Zavier Simpson started with a cliché.
“It was tremendous,” the junior guard said. “I’m blessed to be a part of the season. A winning season. Definitely extremely glad I was able to be in the position to help my team. Next year, hopefully we can make more noise. Get more success for the University, get more success for next year, winning some championships.”
A little more than two weeks removed from a season-ending 63-44 loss to Texas Tech in the Sweet Sixteen, that’s the answer Simpson is supposed to give. The season, of course, was great. The Wolverines won over 30 games, set a program record with a 17-0 start and made it to the NCAA Tournament’s second weekend. Simpson, though, isn’t one to settle.
Do you feel like you guys hit your expectation for what you should’ve done?

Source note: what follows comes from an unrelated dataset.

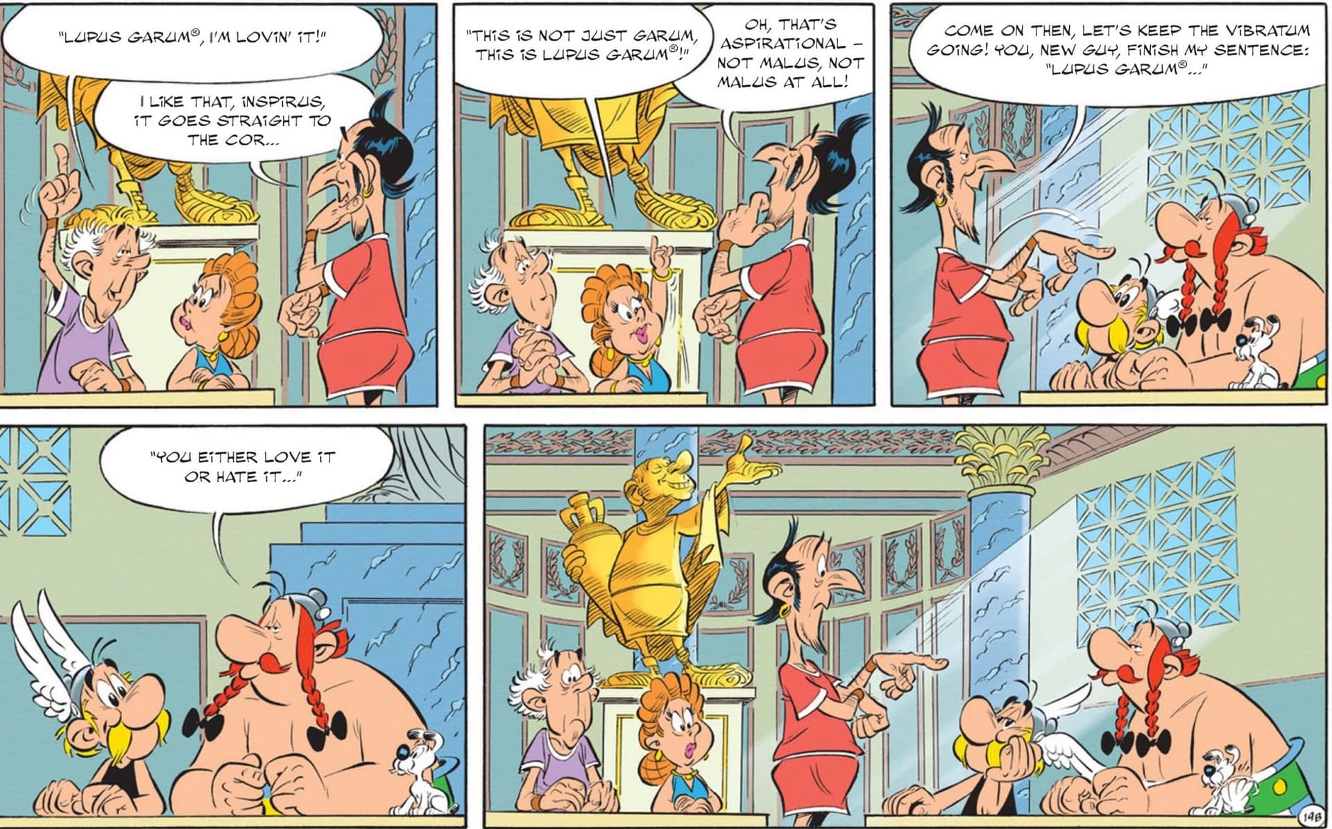 Didier Conrad told me that "it came about because our publisher's a big fan, and as it happened, we love him too, so it came naturally, but he doesn't really have much to do with Portugal or Lusitania, so it was about having fun". Though we agreed that if Ricky Gervais were a Roman centurion, then occupying Portugal wouldn't entirely be out of character. "Any English personality, in fact, because if you look at the British Empire, it's basically the Roman Empire all over." I mean, fair enough, we stole from the best.

He nearly cut off the question.
“No.”
What is that expectation?
“To win championships.”
There are few things that paint the picture of the program John Beilein has constructed better than the scene on Wednesday afternoon. Ignas Brazdeikis and Jordan Poole sat at round tables, dodging questions about their NBA fates to which, if internet rumors (and in the case of Brazdeikis, his own words to ESPN) are to be believed, they already know the answers. Across the room, Charles Matthews laughed with his teammates, having avoided this ritual by announcing earlier in the day that he would keep his name in the draft.
Michigan didn’t meet expectations this year, and it will likely see a good amount of attrition during the offseason. But when 30 wins and the Sweet Sixteen is considered a disappointment, when attrition comes with players leaving for the NBA, when the NCAA Tournament is still an expectation in a rebuilding year — that means the program is exactly where it wants to be.
Beilein remembers the first time he made a Sweet Sixteen here, back in 2013. One of the Detroit papers, he’s not sure which, ran a big, celebratory headline. It had been 19 years since the Wolverines made it that far.
In the six years since, they’ve done so four times. And made the national title game twice. During his tenure, Beilein has gotten nine guys drafted. It’s now a reason people come to Michigan.
“Growing up, you want to play in the NBA. That’s your entire goal,” Poole said. “Being able to see guys coming through Michigan, make it into the NBA and the record that they have, it’s just — it’s a record that’s just like, it’s crazy. I don’t know how you wouldn’t be able to look at it.”
Poole, age 19, does not remember watching Michigan basketball before it was anything but this. He remembers Trey Burke’s shot, when he was in eighth grade. He doesn’t remember Tommy Amaker. He doesn’t remember NCAA sanctions or tournament droughts.
When Beilein got here, the kindest thing you could say about Michigan’s basketball reputation was that it didn’t have one, and really, you could say a lot worse than that.
“Growing up in Indiana, I knew the Fab Five and, obviously, knew like (Robert) Tractor Traylor and those guys,” Zack Novak, a Michigan guard from 2008-12, said in a phone interview last week. “And then there was kind of a big gap for a while.”
Novak was part of Beilein’s second recruiting class in Ann Arbor. He came in after a 10-22 season in which the Wolverines finished ninth in the Big Ten, and Beilein recruited him to play in a two-guard offense and a 1-3-1 defense.
“You bring in me, Stu (Douglass) and Ben Cronin,” Novak said. “So expectations — I do not believe that anybody realistically expected us to get to the NCAA Tournament that year.”
Michigan did break its tournament drought that year, and a decade later, outside a locker room in Anaheim with disappointment cascading, Novak was standing there in maize and blue gear, talking of just how much things have changed, a walking beacon of perspective.
Back then, nobody on the Wolverines’ roster had been to the Tournament. Now, freshmen come in with the expectation of not just playing in March, but getting far. And in more than a few cases, getting to the NBA after that.
Beilein got Michigan back there with a two-guard offense and a zone defense. Now, under a coach caricatured as stubborn and unyielding, Michigan competes for titles with a ball-screen offense and a man-to-man defense that KenPom ranked second in the country last season.
“There’s a whole bunch of stuff that we’re not gonna change, and that’s probably the hardest thing,” Beilein said. “But it’s the things that are basic to winning basketball games. Having high character kids. Having kids that fit Michigan. Trying to get skilled players who all can shoot as much as you can. And kids that just would fit right in and want to be here. Right?
“That’s never gonna change. But style of play and things like that is always changing.”
When Beilein recruited a decade ago, he talked of getting back to the Tournament. But there was another layer on top.
“He was very firm that Michigan should be a premier program,” Novak said, “and we needed to build the foundation to get back to where it should be.”
When a season like this one can be considered disappointing, that’s exactly where Michigan is.